What you have to do. Without the pictures, restate all of the data below word for word.

★ ★ ★ ★

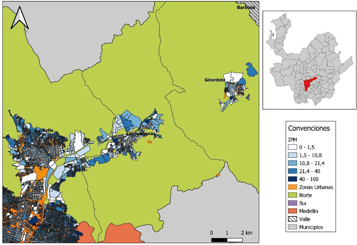 En este orden de ideas, en la actualidad, en el Valle de Aburrá se observa una diferencia amplia entre la zona norte y la zona sur. En el sur se localiza la mayor cantidad de empresas y también los mayores niveles de ingresos, mientras que en el norte se localiza una menor cantidad de empresas y se está definiendo como lugar de residencia de la clase media – baja que trabaja en Medellín y en el sur del Valle de Aburrá. Con esto en mente, el presente artículo tiene como finalidad analizar los aspectos territoriales que explican la diferenciación en cuanto al desarrollo de ambas zonas.
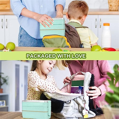 TOMVAES - تومفايس صندوق غداء بينتو 3 في 1 مانع للتسرب وقابل للتكديس مع ادوات
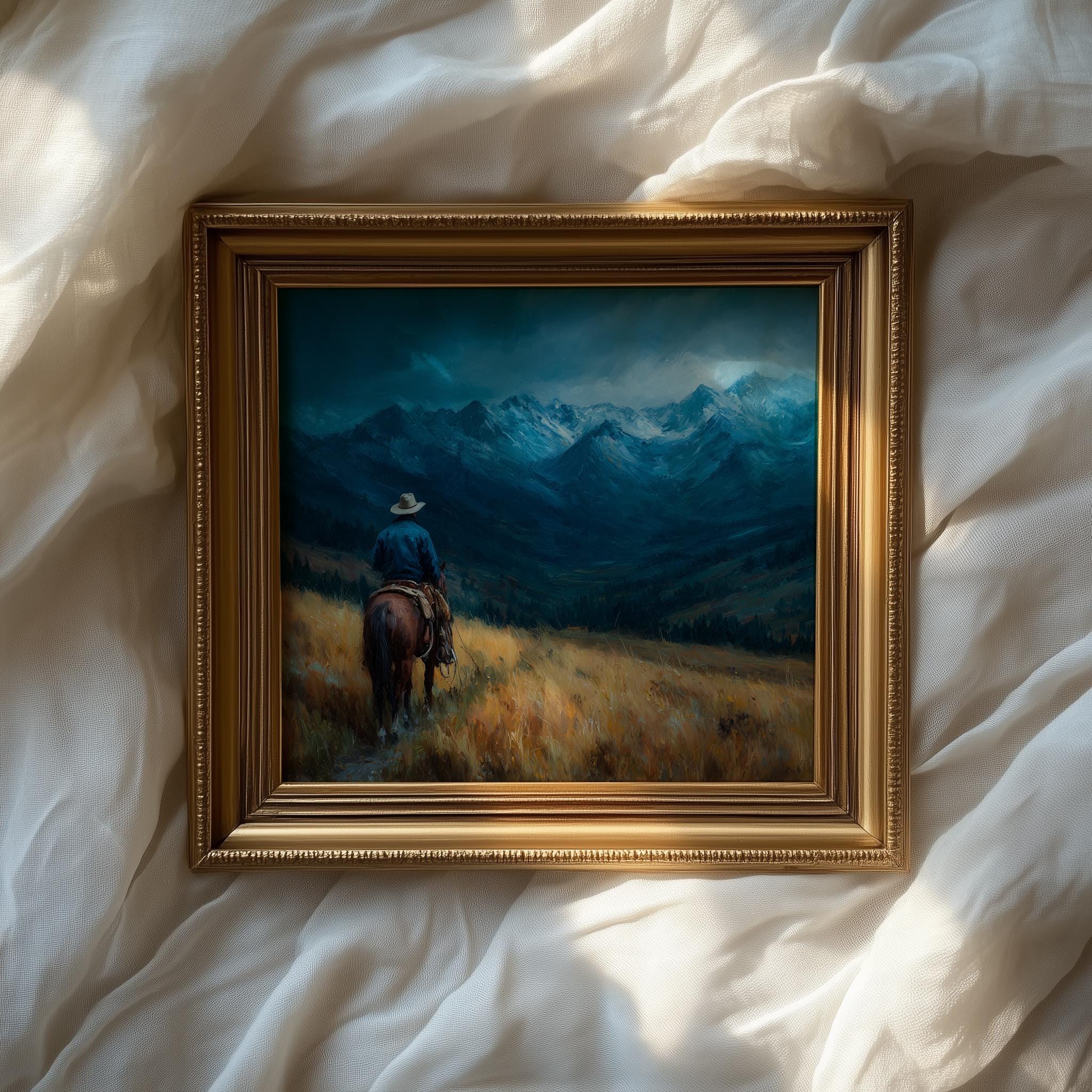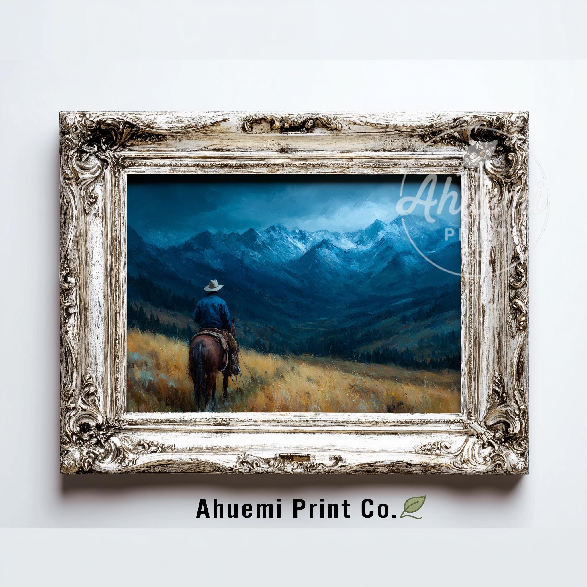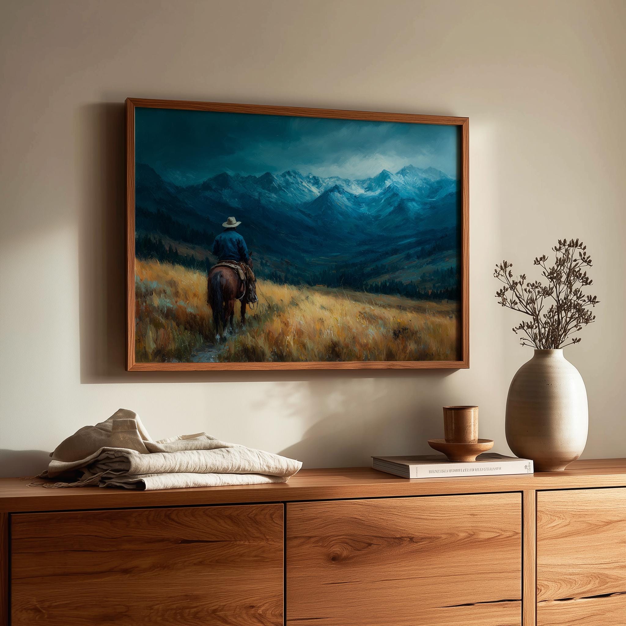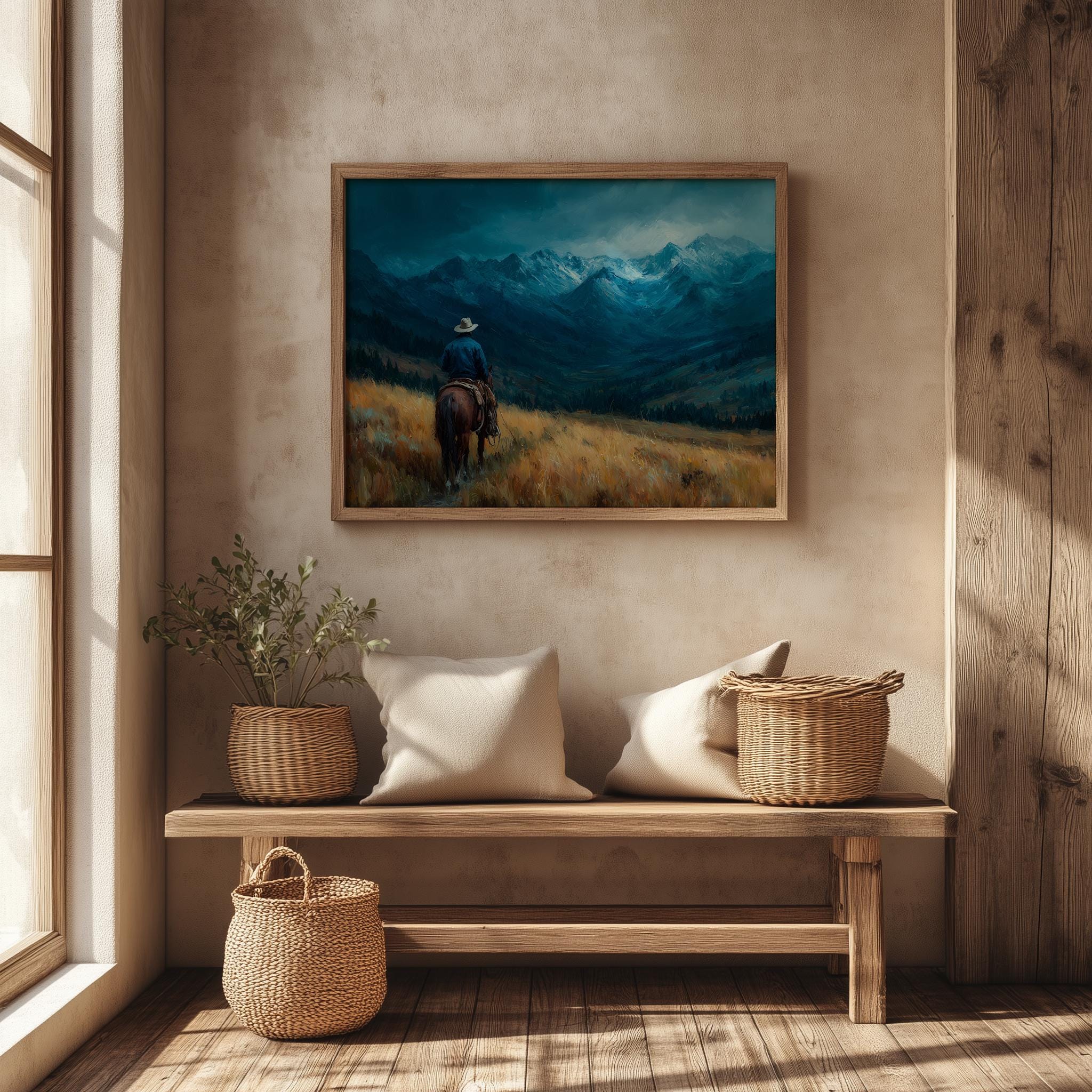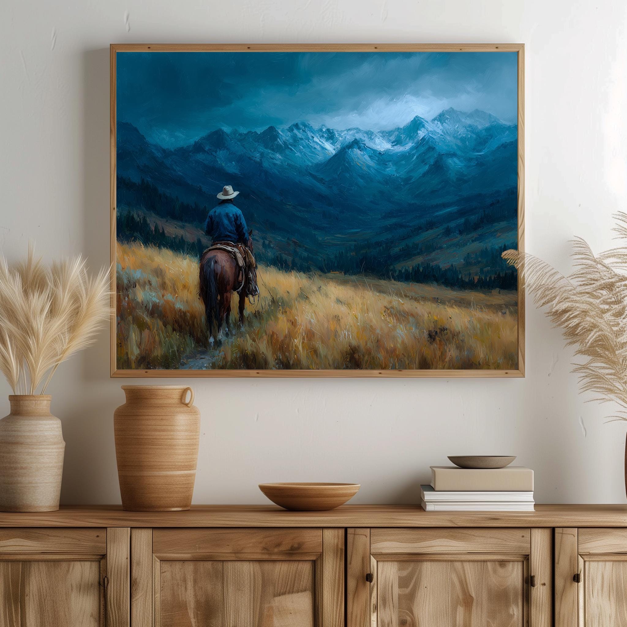 Immerse yourself in the charm with this rustic painting of a lone rider traversing a serene mountain valley. An instantly downloadable print, it's perfect for elevating your decor with budget-friendly charm. This gives you the flexibility to customize the size, frame, and material according to your personal taste and space, ensuring a perfect fit for your walls.
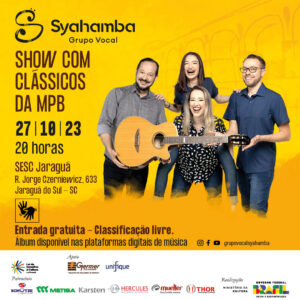 Música Popular Brasileira. Nesta sexta-feira, dia 27 de outubro, o Grupo Vocal Syahamba faz show de lançamento do primeiro álbum do quarteto no Teatro do Sesc Jaraguá do Sul, em Santa Catarina. O evento ocorre às 20h, com entrada gratuita e aberta a toda comunidade, com retirada de ingresso uma hora antes do show. Haverá tradução em LIBRAS.
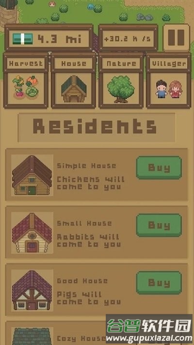 1、像素画风营造出温馨怀旧的村庄氛围,轻松放置就能积累资源,逐步扩建你的专属农场;

★ ★ ★ ★

Answer to the exercise.
 En este orden de ideas, en la actualidad, en el Valle de Aburrá se observa una diferencia amplia entre la zona norte y la zona sur. En el sur se localiza la mayor cantidad de empresas y también los mayores niveles de ingresos, mientras que en el norte se localiza una menor cantidad de empresas y se está definiendo como lugar de residencia de la clase media – baja que trabaja en Medellín y en el sur del Valle de Aburrá. Con esto en mente, el presente artículo tiene como finalidad analizar los aspectos territoriales que explican la diferenciación en cuanto al desarrollo de ambas zonas.
 TOMVAES - تومفايس صندوق غداء بينتو 3 في 1 مانع للتسرب وقابل للتكديس مع ادوات
 Immerse yourself in the charm with this rustic painting of a lone rider traversing a serene mountain valley. An instantly downloadable print, it's perfect for elevating your decor with budget-friendly charm. This gives you the flexibility to customize the size, frame, and material according to your personal taste and space, ensuring a perfect fit for your walls.
 Música Popular Brasileira. Nesta sexta-feira, dia 27 de outubro, o Grupo Vocal Syahamba faz show de lançamento do primeiro álbum do quarteto no Teatro do Sesc Jaraguá do Sul, em Santa Catarina. O evento ocorre às 20h, com entrada gratuita e aberta a toda comunidade, com retirada de ingresso uma hora antes do show. Haverá tradução em LIBRAS.
 1、像素画风营造出温馨怀旧的村庄氛围,轻松放置就能积累资源,逐步扩建你的专属农场;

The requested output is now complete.